Length of Greek character string is larger than it should be - c

I'm writing a program and I take a string of Greek characters as input and when I print its len, it outputs its double. For example, if ch="ΑΒ"(greek characters) or ch="αβ",
printf("%d",strlen(ch)); outputs 4 instead of 2. And if ch="ab", it outputs 2. What's going on?

You can use mbstowcs() function to convert multybite string to wide-character string. And then use wcslen() to determine it's length.

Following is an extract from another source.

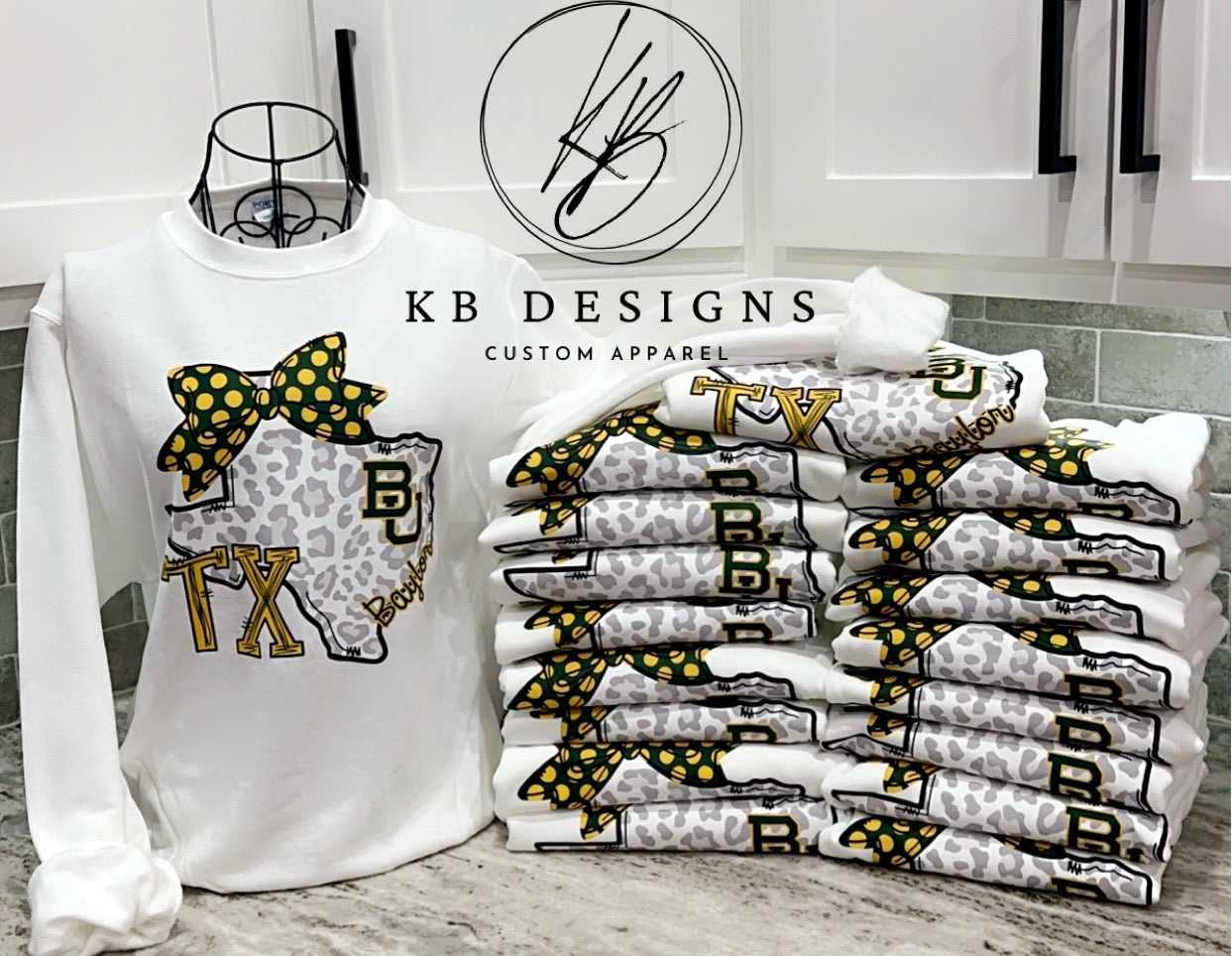 This item is designed and made in house at KB Designs by Christina. Expect a 3-4 week turn around time for in house custom graphics. Graphics are printed in house at KB Designs using a commercial DTF printer which is the newest technology in garment industry Direct To Film ( DTF) .
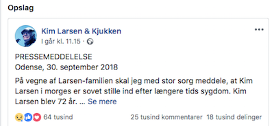 Kim Larsen var folkekær – det er sagt mange gange – og nyhedsmediernes adfærd i går og i dag afspejler det. Men også de sociale medier understreger, hvor stor rækkevidde han havde i forhold til danskerne.

Probably because your string is encoded using variable-width character encoding.
In the good old days, we only bothered with 128 different characters: a-z, A-Z, 0-9, and some commas and brackets and control things. Everything was taken care of in 7 bits, and we called it ASCII. Then that wasn't enough and we added some other things like letters with lines or dots on top, and we went to 8 bits (1 byte) and could do any of 256 characters in one byte. (Although people's ideas of what should go in those extra 128 slots varied widely, based on what was most useful in their language - see comment from usr2564301 - and you then had to say whose version you were using for what should be in those extra slots.)
If you had 2 characters in your string, it would be 2 bytes long (plus a null terminator perhaps), always.
But then people woke up to the fact that English isn't the only language in the world, and there were in fact thousands of letters in hundreds of languages around the globe. Now what to do?
Well, we could say there are only about 65,000 characters that interest us, and encode all letters in two bytes. There are some encoding formats that do this. A two-letter string will then always be 4 bytes (um, perhaps with some byte order mark at the front, and maybe a null terminator at the end). Two problems: a) not very backwards compatible with ASCII, and b) wasteful of bytes if most text is stuff that is in the good ol' ASCII character set anyway.
Step in UTF-8, which I'll wager is what your string is using for its encoding, or something similar. ASCII characters, like 'a' and 'b', are encoded with one byte, and more exotic characters (--blush-- from an English-speaking perspective) take up more than one byte, of which the first byte is to say "what follows is to be taken along with this byte to represent a letter". So you get variable-width encoding. So the length of a two-letter string will be at least two bytes, but if it includes non-ASCII characters, it'll be more.

Related

Convert a `char *` to UTF-8 in C, or when using xmlwriter?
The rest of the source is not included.